21 maggio 2011

Il nostro dolore è politico

Our inner pain as a political issue (about Lorella Zanardo, author of the docufilm “The women's body”, and media female body image)

Lorella Zanardo, autrice de “Il corpo delle donne” molto visto e molto discusso, è oggetto da tempo di una sorta di “stalking mediatico” da parte della trasmissione “Striscia la notizia”, la cui troupe l'ha aspettata per coglierla sola di ritorno a casa e piantarle in faccia le luci della ribalta intimandole di discolparsi per la sua detestabile opera.
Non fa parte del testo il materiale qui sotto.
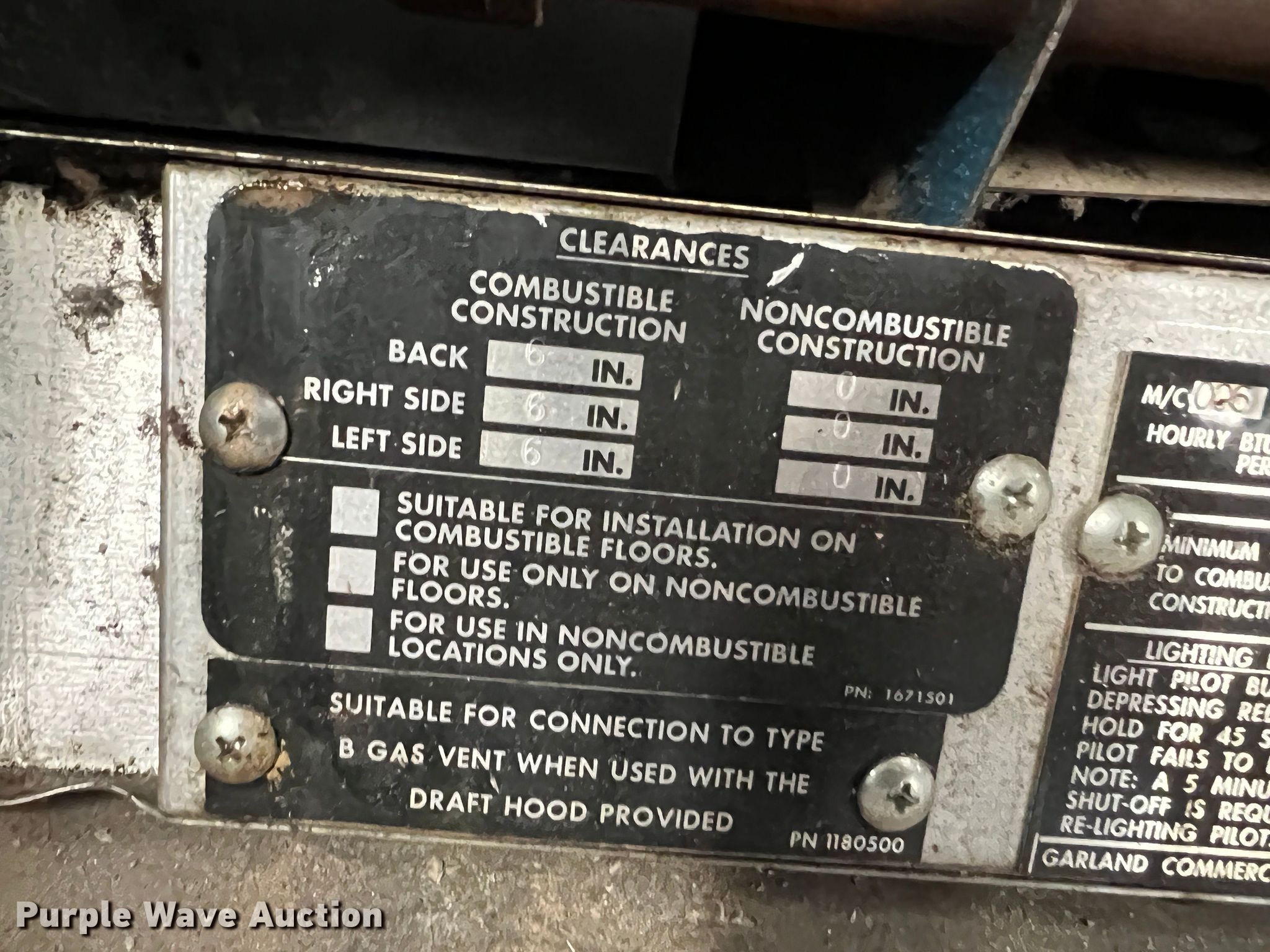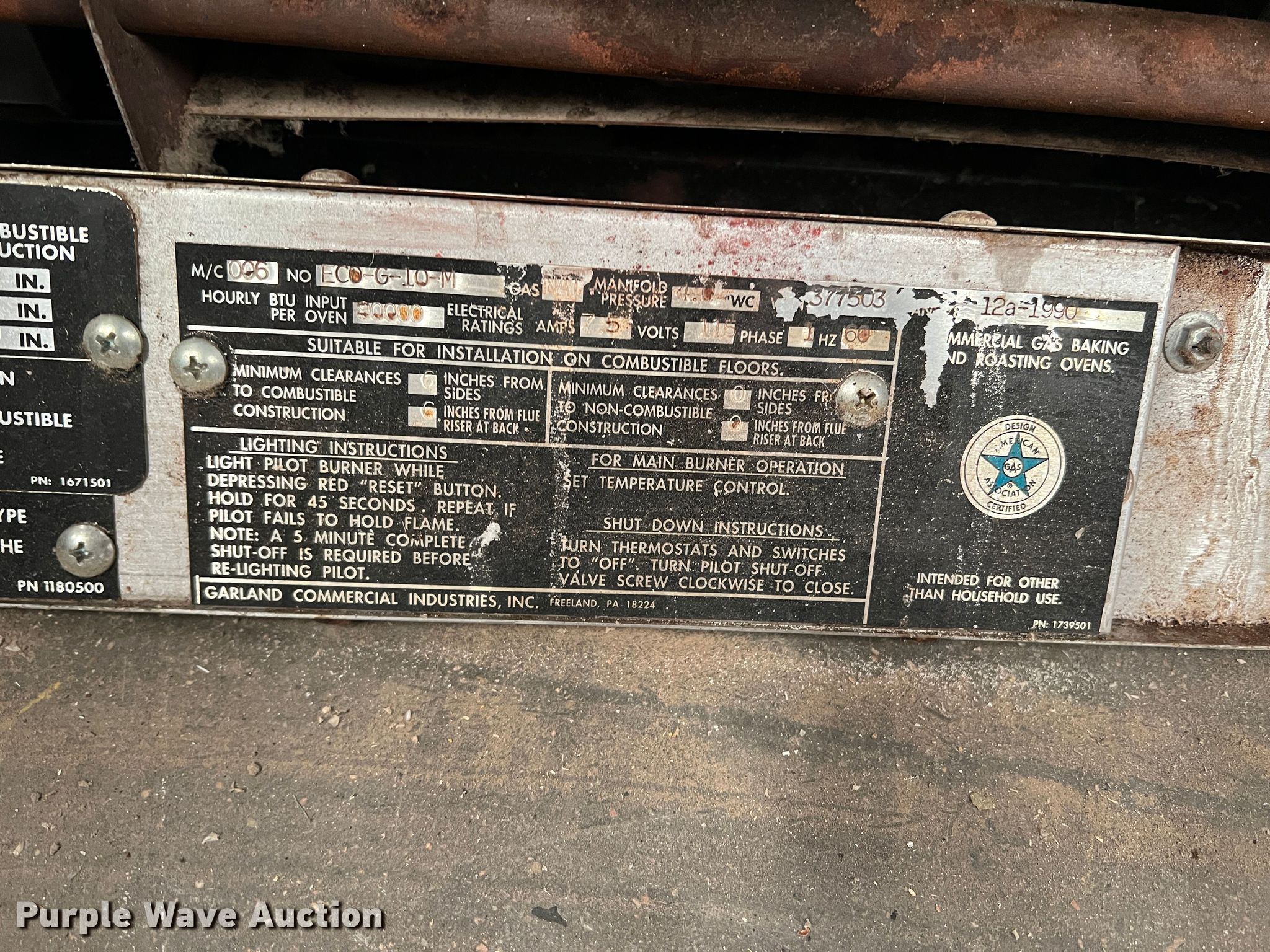 Purple Wave is selling a used Appliances in Kansas. This item is a (2) Garland ovens with the following: 120V, Single phase, One damaged
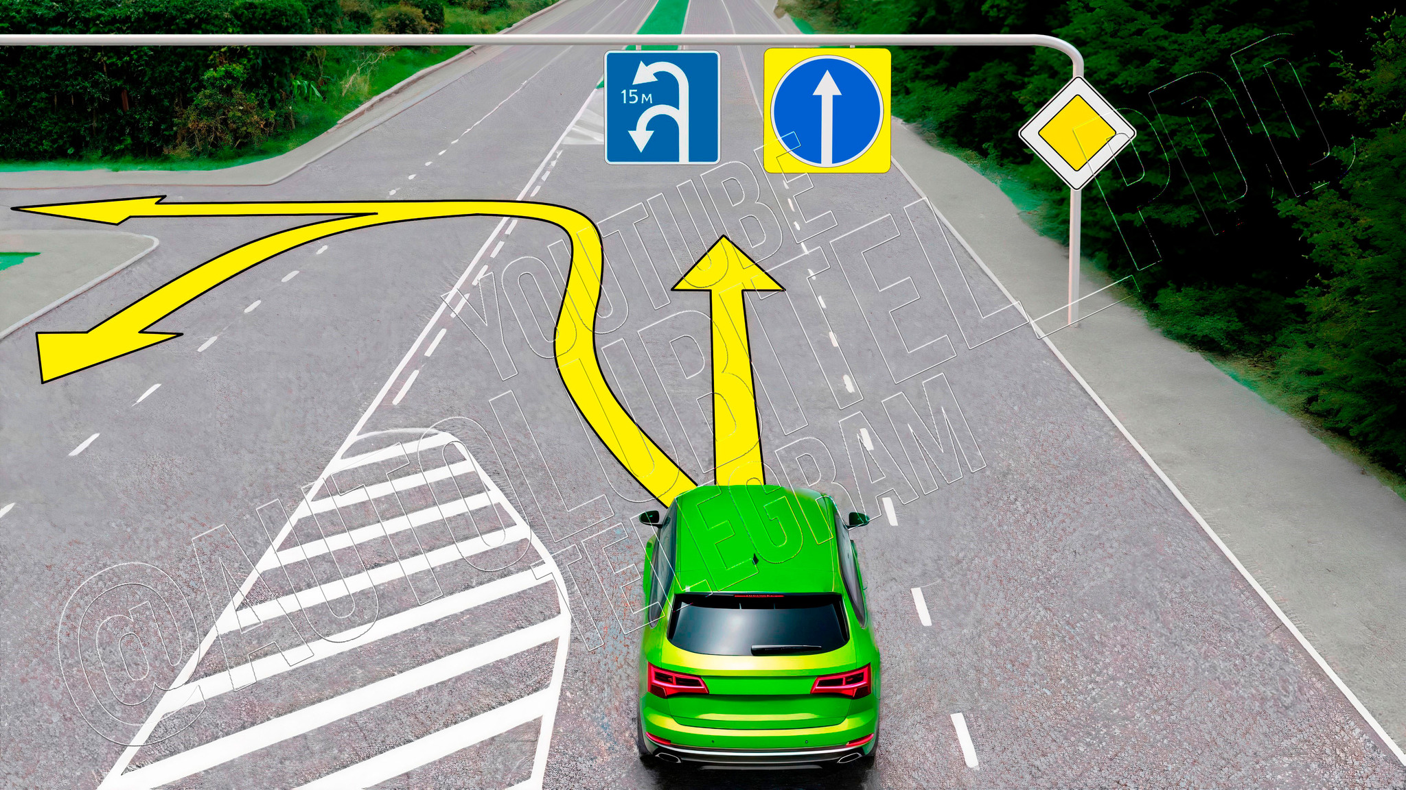 На картинке с заданием мы видим зелёный легковой автомобиль, а также три смоделированных пути для его дальнейшего движения. Теоретически он может поехать в любом из предложенных направлений. Наша же задача — выяснить, куда ему разрешено продолжить движение, не нарушая правила дорожного движения.
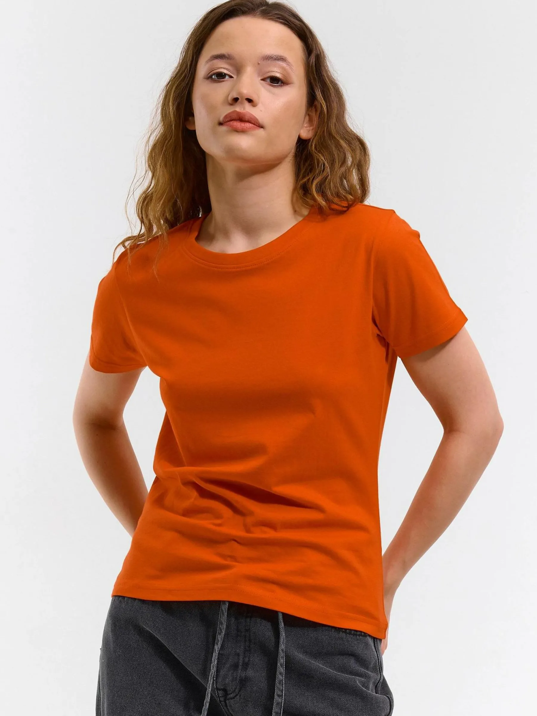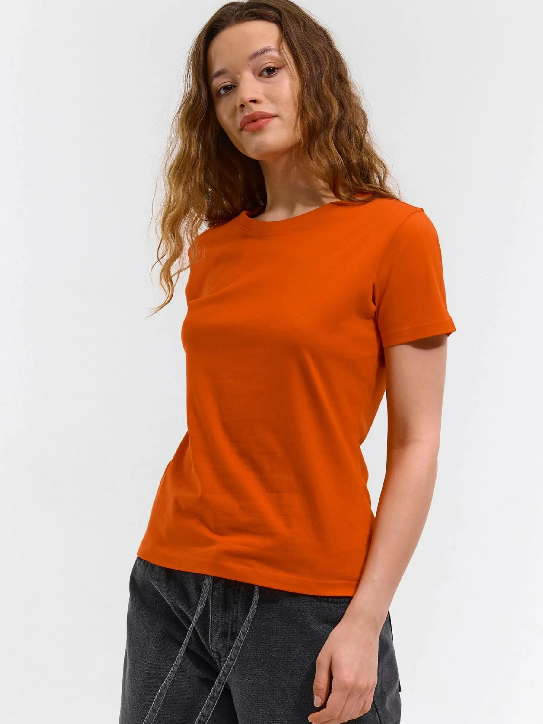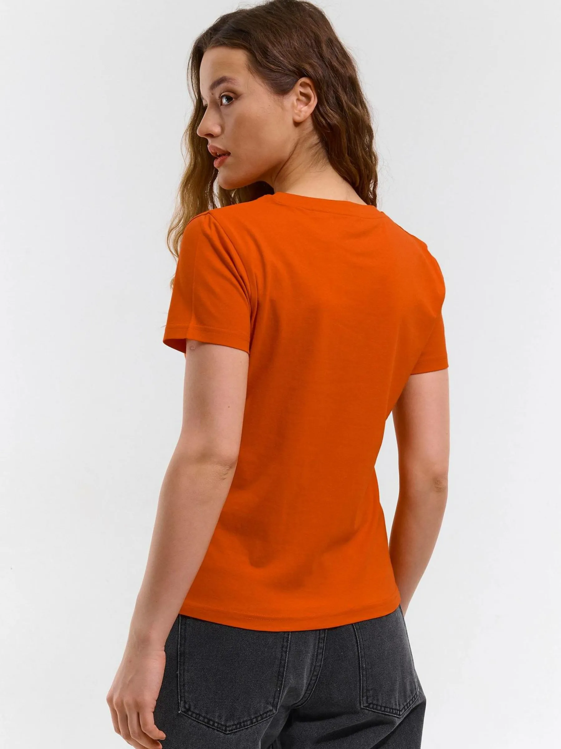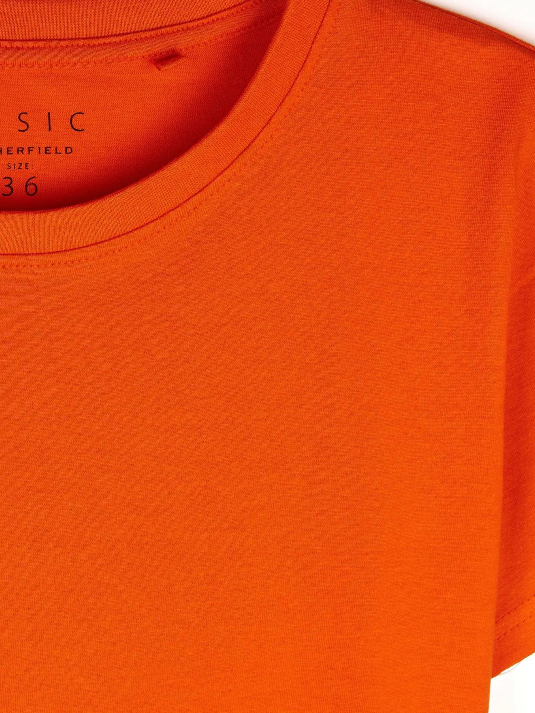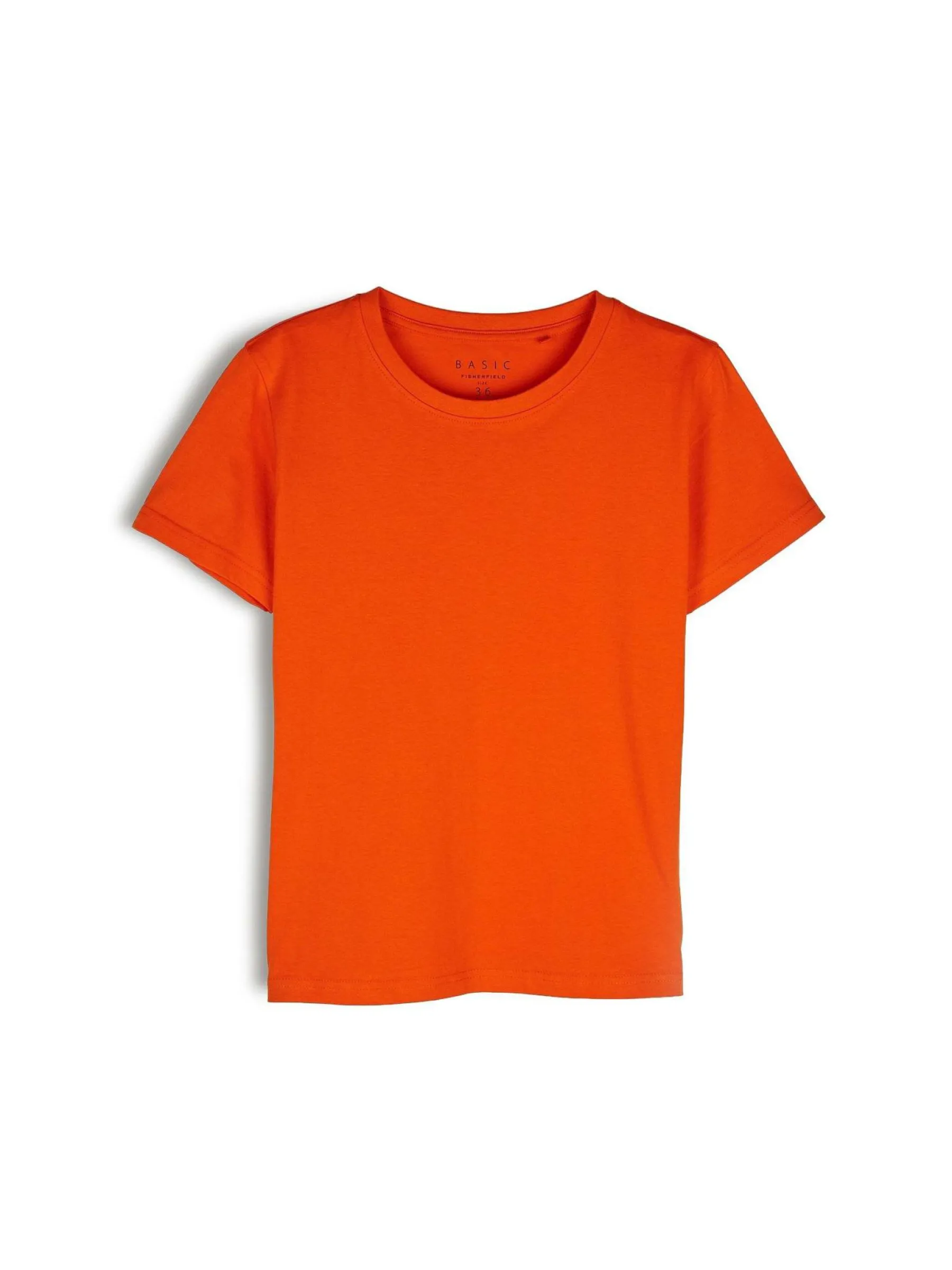 Kolor: pomarańczowyKrój: regularTyp: koszulkaRekaw: krótki rękawDługość: krótkiPattern style: pojedynczy kolorDe…
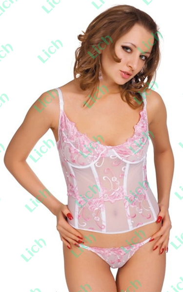 Сетевое бюстье на регулируемых бретельках, чашки на косточках, с цветочной вышивкой, в комплекте трусики-стринг. Размер: S-L. Цвет: белый с розовым. Торговая марка эротического белья EROLANTA уже завоевала популярность и успешно продается во многих сексшопах России. Коллекция подобрана так, что может удовлетворить запросы покупателей разных вкусов и предпочтений. Это и сексуальные корсеты, откровенные боди, воздушные и прозрачные пеньюары, интересные и оригинальные секси-трусики, игровые фантазийные костюмы, прозрачные кружевные комплекты и корсеты, соблазнительные комбинации и пеньюары, украшенные рюшами, вышивкой и декоративными жемчужинами. Любительницы мини подберут себе яркое прозрачное платье в комплекте с трусиками-стринг, отделанное пикантной шнуровкой. Вся продукция упакована в стильную и презентабельную картонную упаковку, что позволяет выглядеть коллекции белья EROLANTA ярко и оригинально. Знатоки ценят бельё EROLANTA за достойное качество и его невысокую цену. Название, состав и другая необходимая информация на упаковке представлена на русском языке, что соответствует российскому законодательству, а само бельё имеет соответствующие сертификаты качества. Оптовые продажи эротического белья EROLANTA.
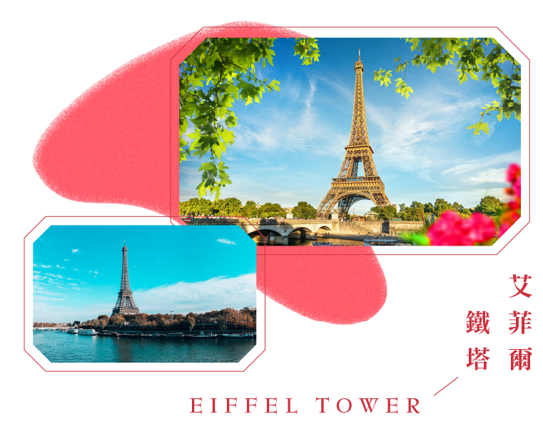 艾菲爾鐵塔從1887年1月27日起建,分為三樓,分別在離地面57.6米、115.7米和276.1米處,其中一、二樓設有餐廳,第三樓建有觀景台,從塔座到塔頂共有1,711級階梯,共用去鋼鐵7,000噸,12,000個金屬部件,250萬隻鉚釘,模仿人體的骨頭為建,極為壯觀屬於鏤空結構鐵塔,高300米,天線高24米,總高324米。艾菲爾鐵塔由250萬個鉚釘連接固定。於塔的四個面上共刻有72個法國科學家、工程師與其他知名人士的名字,居斯塔夫•艾菲爾以此來銘記他們做出的貢獻。

Lascio ad altri l'interrogativo su perché desti tanta irritazione, rabbia e scompiglio, un documentario bello, utile e interessante, ma che in fondo non fa che riprendere il tema, certo non nuovo ma piuttosto ultratrentennale nel dibattito femminista internazionale, sull'uso delle immagini e dei corpi femminili nella comunicazione di massa. Forse perché si tratta di tv? Forse perché preoccupa così tanto che donne e – non sia mai – femministe, lungi dall'essere tutte ormai anziane signore ritiratesi a vita privata, riflettano ancora su questi temi? Così come lascio ad altri la querelle sul presunto moralismo bacchettone di chi si dissocia dalla passione nazionale per tette e culi di giovani donne in mostra. Per liquidare con una battutaccia l'argomento, che meriterebbe certo ben altre considerazioni, sono disposta a riparlarne con i miei amici quando bocceranno il politico di turno per la sua assenza di appetibili bicipiti o si riterrà necessaria l'esibizione di un bel pacco per vendere il caffé. Sono volgare? Ebbene sì, arrossisco, ma ogni tanto cedo alla tentazione di rendere pan per focaccia. Se il corpo maschile non è utilizzato come quello femminile a mio parere è per due semplici motivi: il primo, il differenziale di potere che ancora regala questa parte dell'immaginario collettivo alla sessualità maschile tradizionale e alle sue ossessioni; il secondo lo sforzo di molte donne (e anche di alcuni uomini ) di costruire una diversa cultura delle relazioni, del desiderio e degli affetti (che è quanto di meno moralista e bacchettone io abbia mai sperimentato in vita mia).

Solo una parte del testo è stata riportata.